» **RECORDED INFORMATION**
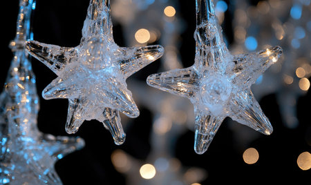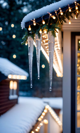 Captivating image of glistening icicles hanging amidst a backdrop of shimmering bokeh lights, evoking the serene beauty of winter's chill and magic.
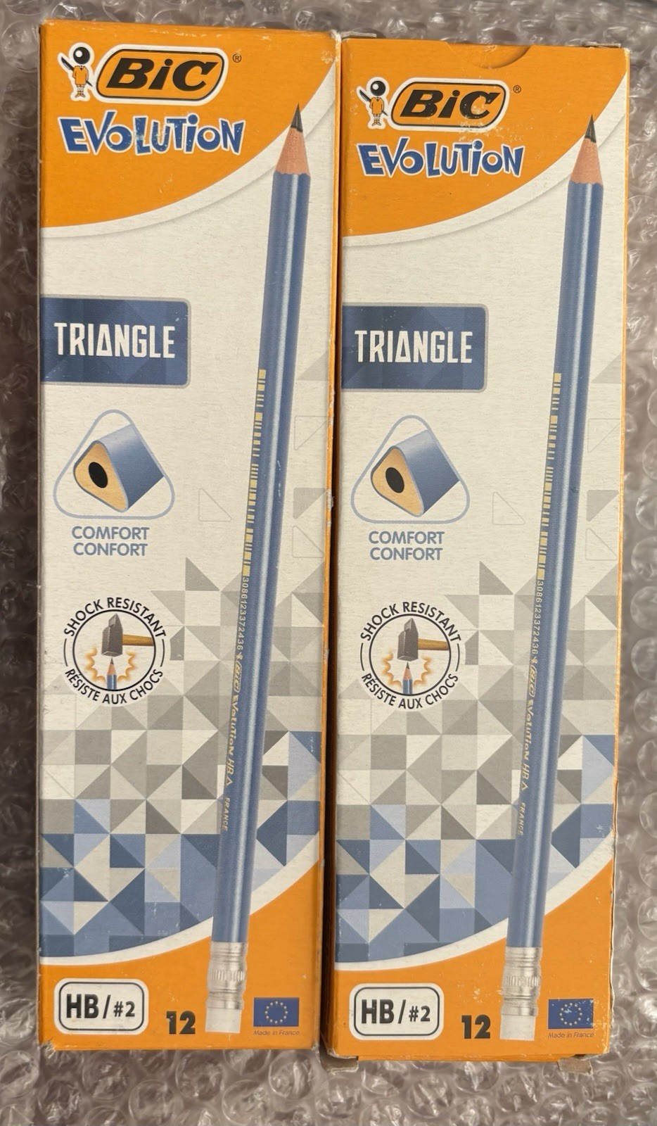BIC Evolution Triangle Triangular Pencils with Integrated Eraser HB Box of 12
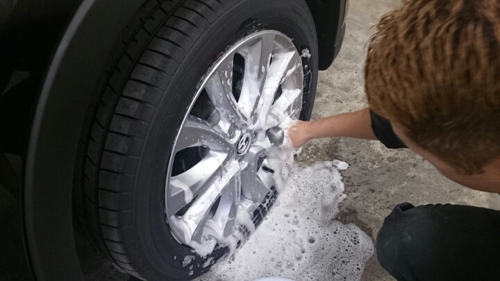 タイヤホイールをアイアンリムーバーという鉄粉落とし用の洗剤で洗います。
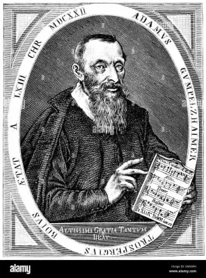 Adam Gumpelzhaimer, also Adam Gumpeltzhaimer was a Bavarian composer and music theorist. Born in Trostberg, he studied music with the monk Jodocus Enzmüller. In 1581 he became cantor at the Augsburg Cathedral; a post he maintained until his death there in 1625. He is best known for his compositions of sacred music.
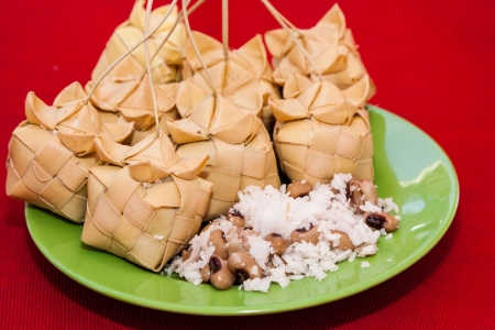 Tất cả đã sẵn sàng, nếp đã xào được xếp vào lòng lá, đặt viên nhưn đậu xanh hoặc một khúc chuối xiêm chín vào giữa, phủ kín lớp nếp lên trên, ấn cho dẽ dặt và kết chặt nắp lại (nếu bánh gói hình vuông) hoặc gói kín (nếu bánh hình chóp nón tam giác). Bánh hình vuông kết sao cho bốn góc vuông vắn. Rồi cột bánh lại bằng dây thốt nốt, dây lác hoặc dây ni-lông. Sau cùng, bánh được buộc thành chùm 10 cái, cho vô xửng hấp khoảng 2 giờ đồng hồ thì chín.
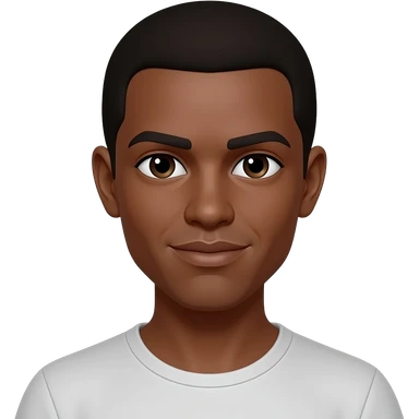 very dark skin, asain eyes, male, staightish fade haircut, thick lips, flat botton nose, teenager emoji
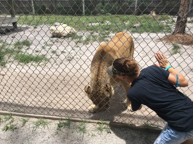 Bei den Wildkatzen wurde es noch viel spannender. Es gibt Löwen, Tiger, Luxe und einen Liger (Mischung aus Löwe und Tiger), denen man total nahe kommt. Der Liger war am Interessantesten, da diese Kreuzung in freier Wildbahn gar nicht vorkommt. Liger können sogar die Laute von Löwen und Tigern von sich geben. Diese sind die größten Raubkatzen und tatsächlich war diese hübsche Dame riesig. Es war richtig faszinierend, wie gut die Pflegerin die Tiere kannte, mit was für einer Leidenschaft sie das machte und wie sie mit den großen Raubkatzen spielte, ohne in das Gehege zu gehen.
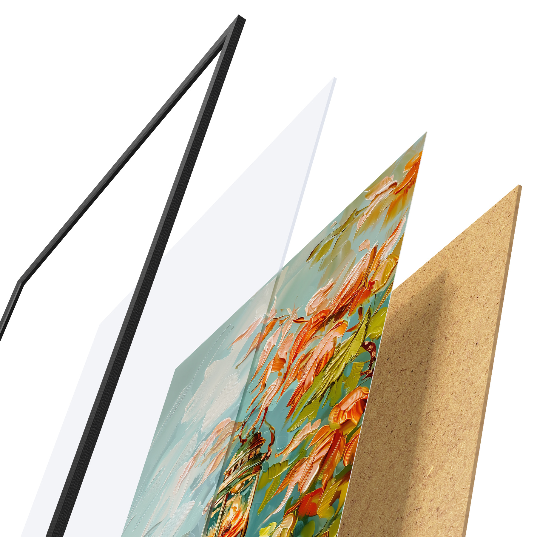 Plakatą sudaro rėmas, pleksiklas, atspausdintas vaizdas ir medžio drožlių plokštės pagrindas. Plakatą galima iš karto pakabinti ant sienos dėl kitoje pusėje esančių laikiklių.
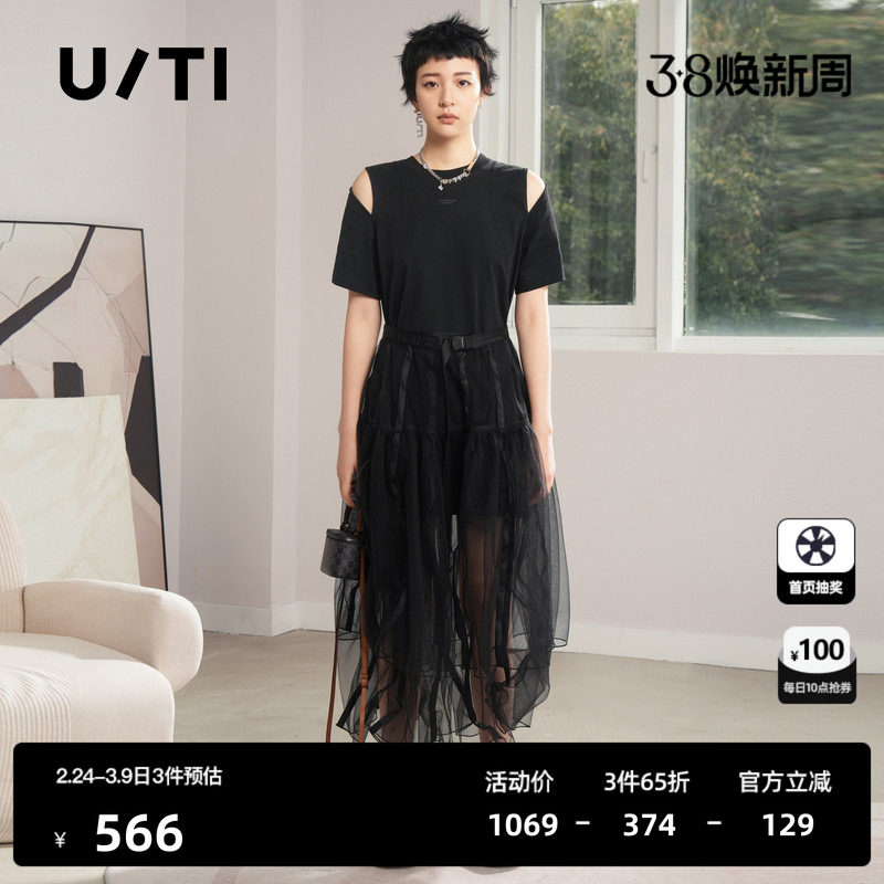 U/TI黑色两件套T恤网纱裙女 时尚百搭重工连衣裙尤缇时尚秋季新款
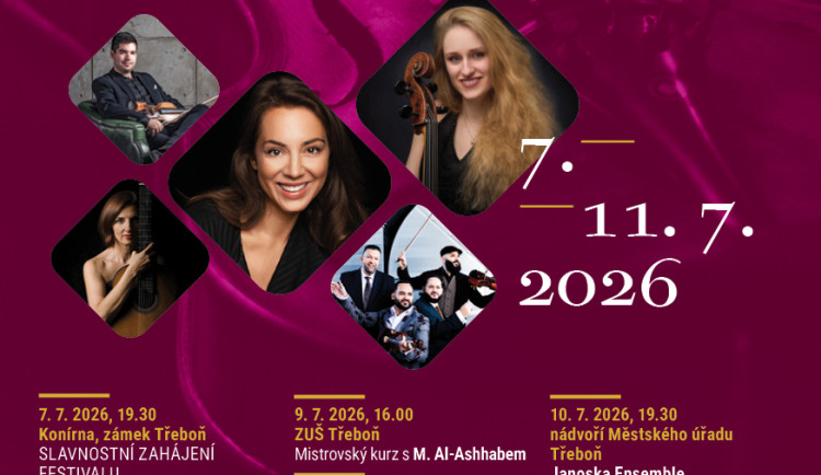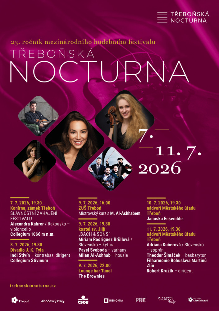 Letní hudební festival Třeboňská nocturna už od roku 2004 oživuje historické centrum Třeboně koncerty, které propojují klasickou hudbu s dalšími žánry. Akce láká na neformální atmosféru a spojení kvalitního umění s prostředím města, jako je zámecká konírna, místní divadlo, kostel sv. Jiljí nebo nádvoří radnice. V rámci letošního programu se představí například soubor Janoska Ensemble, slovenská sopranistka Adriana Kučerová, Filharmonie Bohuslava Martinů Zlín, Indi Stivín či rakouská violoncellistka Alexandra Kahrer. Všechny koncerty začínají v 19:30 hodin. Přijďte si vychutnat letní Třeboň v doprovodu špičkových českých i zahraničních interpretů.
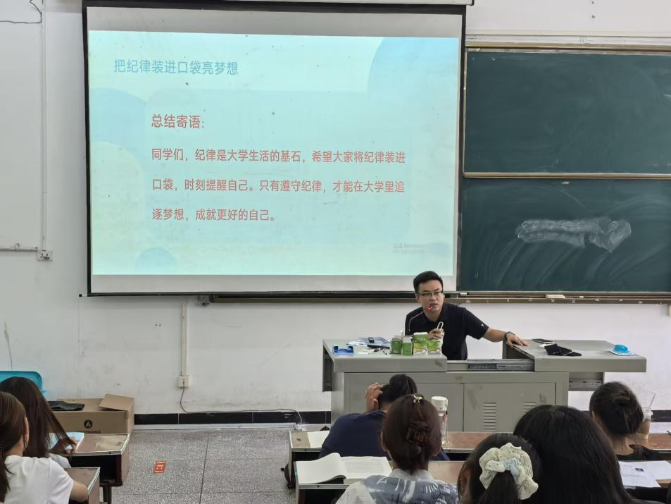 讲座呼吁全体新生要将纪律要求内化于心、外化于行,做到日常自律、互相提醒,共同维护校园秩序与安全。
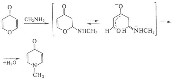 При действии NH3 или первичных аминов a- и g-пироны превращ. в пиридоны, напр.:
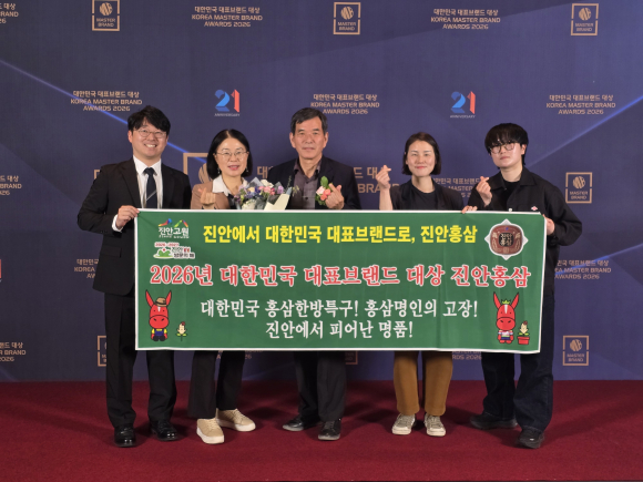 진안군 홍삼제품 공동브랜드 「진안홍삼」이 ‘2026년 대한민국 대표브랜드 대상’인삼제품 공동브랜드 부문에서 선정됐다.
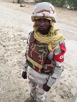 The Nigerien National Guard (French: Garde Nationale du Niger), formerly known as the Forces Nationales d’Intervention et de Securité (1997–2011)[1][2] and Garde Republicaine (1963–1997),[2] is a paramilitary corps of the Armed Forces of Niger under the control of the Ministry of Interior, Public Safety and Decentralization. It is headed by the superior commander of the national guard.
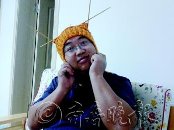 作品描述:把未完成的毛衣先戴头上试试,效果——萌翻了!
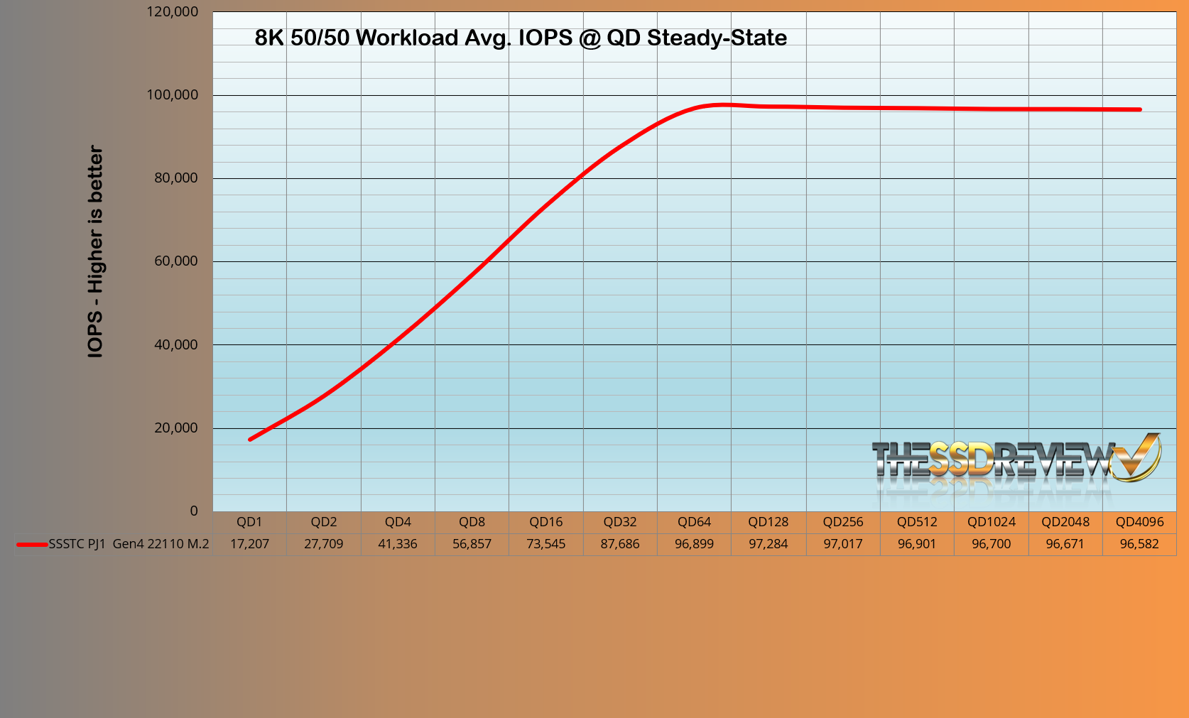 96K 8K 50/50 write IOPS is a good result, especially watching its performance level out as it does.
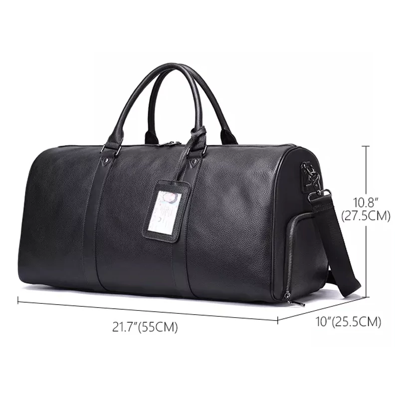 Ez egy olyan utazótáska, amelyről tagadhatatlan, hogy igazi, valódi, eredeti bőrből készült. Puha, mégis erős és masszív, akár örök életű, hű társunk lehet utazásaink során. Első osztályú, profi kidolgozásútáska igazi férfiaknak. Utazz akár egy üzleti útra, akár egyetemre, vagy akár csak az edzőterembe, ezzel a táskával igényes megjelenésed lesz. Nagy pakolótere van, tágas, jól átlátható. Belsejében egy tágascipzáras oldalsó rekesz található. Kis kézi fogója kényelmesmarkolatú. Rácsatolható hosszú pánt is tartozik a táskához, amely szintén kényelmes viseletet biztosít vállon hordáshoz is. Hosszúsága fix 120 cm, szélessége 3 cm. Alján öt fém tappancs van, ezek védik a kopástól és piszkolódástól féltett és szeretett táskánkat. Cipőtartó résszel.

» **WHAT THIS TASK INVOLVES**
Output exactly the lines from the line containing "作品描述:把未完成的毛衣先戴头上试试,效果——萌翻了!" through the last line of the records, both included, and leave out every picture.

» **RESPONSE BOX**
 作品描述:把未完成的毛衣先戴头上试试,效果——萌翻了!
 96K 8K 50/50 write IOPS is a good result, especially watching its performance level out as it does.
 Ez egy olyan utazótáska, amelyről tagadhatatlan, hogy igazi, valódi, eredeti bőrből készült. Puha, mégis erős és masszív, akár örök életű, hű társunk lehet utazásaink során. Első osztályú, profi kidolgozásútáska igazi férfiaknak. Utazz akár egy üzleti útra, akár egyetemre, vagy akár csak az edzőterembe, ezzel a táskával igényes megjelenésed lesz. Nagy pakolótere van, tágas, jól átlátható. Belsejében egy tágascipzáras oldalsó rekesz található. Kis kézi fogója kényelmesmarkolatú. Rácsatolható hosszú pánt is tartozik a táskához, amely szintén kényelmes viseletet biztosít vállon hordáshoz is. Hosszúsága fix 120 cm, szélessége 3 cm. Alján öt fém tappancs van, ezek védik a kopástól és piszkolódástól féltett és szeretett táskánkat. Cipőtartó résszel.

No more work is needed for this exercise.